▶ **What you are asked to do**: Working from the data below, write out exactly the lines from its first through the line that contains "Купить запчасть 4033MR03", both ends included and pictures omitted.

▶ **Data**:
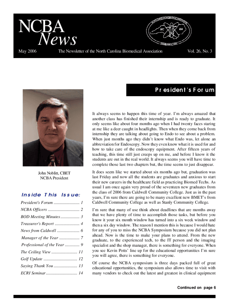 NCAA News May 2006The Newsletter of the North Carolina Biomedical Association. 26, No. 3President\'s Forum It always seems to happen this time of year. I'm always amazed that another class has finished
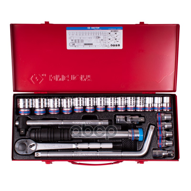 Купить запчасть 4033MR03 KING TONY Набор торцевых головок с принадлежностями 12, двенадцатигранные, 10-32 мм, 24 предмета с доставкой в Эль-Монте.
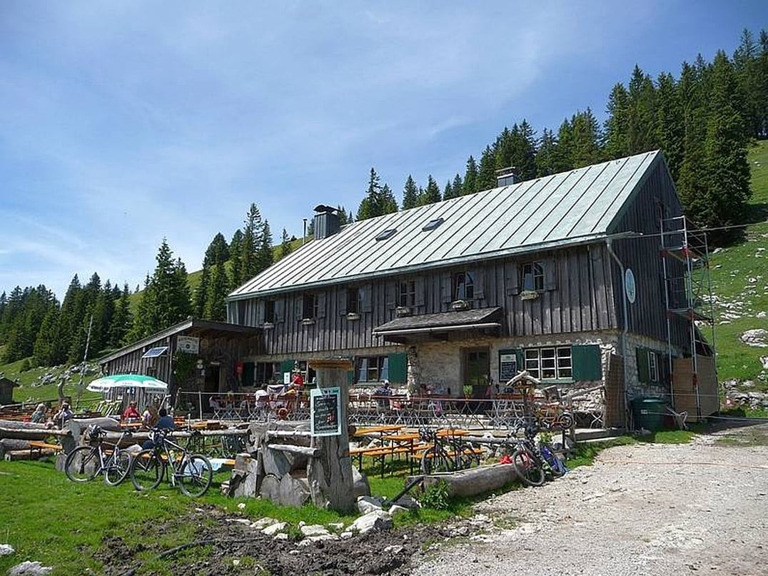 Nur wenige Meter weiter finden wir uns auf einer großzügigen Lichtung wieder, die vielmehr als ein Ausläufer des Almgebiets der Hofalm (1050m) anzusehen ist. Etwa siebenhundert Meter folgen wir dem Kiesweg hinauf und biegen anschließend in eine Spitzkehre zu unserer Rechten ein, die uns in einem weiten Bogen um die privat genutzte Rauchalm (900m) lenkt. Nach circa einem halben Kilometer mit stellenweise anspruchsvoller Steigung passieren wir die Abzweigung zur Winterstube und zur Schmiedalm (940m). Letztere war im Jahr 2012 bekannt geworden, als sie dem Bayerischen Fernsehen als Drehort für die OpenAir-Sendung "Kabarett auf der Alm" mit Gerhard Polt und den Gebrüdern Well diente. Vor unseren Augen erscheint schließlich die fast ganzjährig geöffnete Frasdorfer Hütte (950m), ein beliebtes Ausflugsziel in der Chiemsee-Region. Da sich die Frasdorfer Hütte etwa auf halber Strecke zur Riesenhütte (1345m) befindet, lassen wir die Einkehrmöglichkeit unbeachtet und folgen dem Forstweg weiter hinauf.
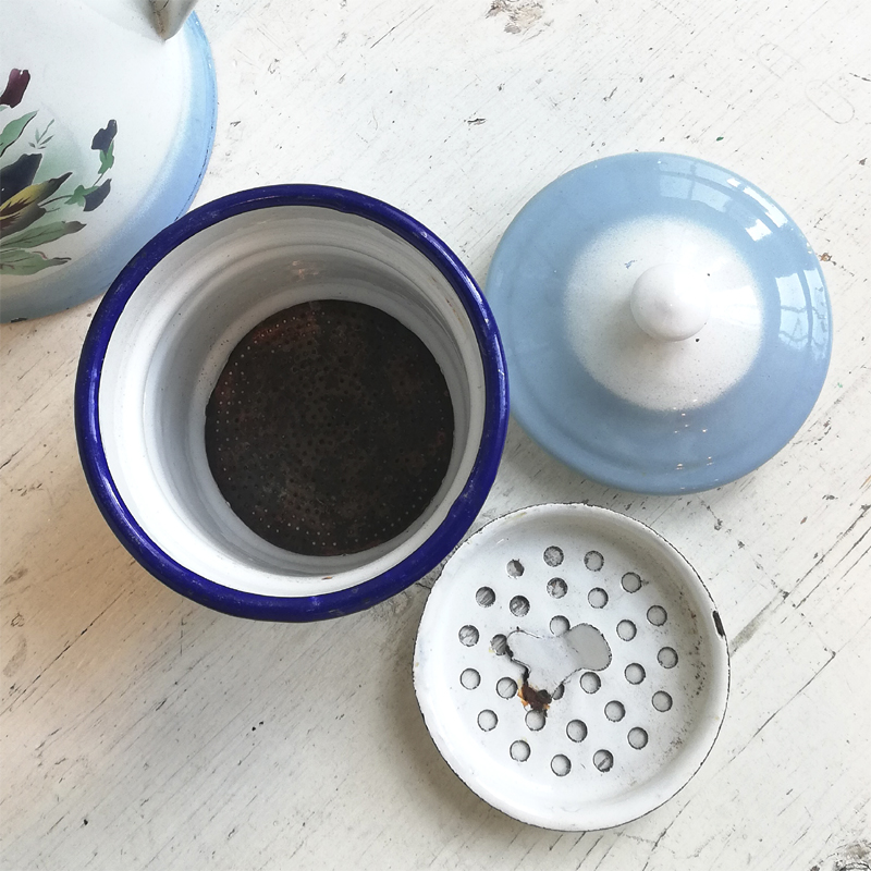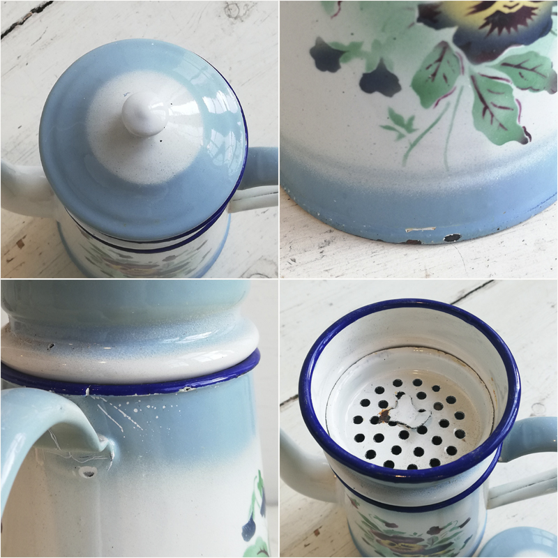 フィルターのブリキ部分に錆びや、ちらほらとホーローの欠けもありますが、ポットの内側は大変綺麗な状態で全体的に大変良い状態です。

▶ **Response below**:
 NCAA News May 2006The Newsletter of the North Carolina Biomedical Association. 26, No. 3President\'s Forum It always seems to happen this time of year. I'm always amazed that another class has finished
 Купить запчасть 4033MR03 KING TONY Набор торцевых головок с принадлежностями 12, двенадцатигранные, 10-32 мм, 24 предмета с доставкой в Эль-Монте.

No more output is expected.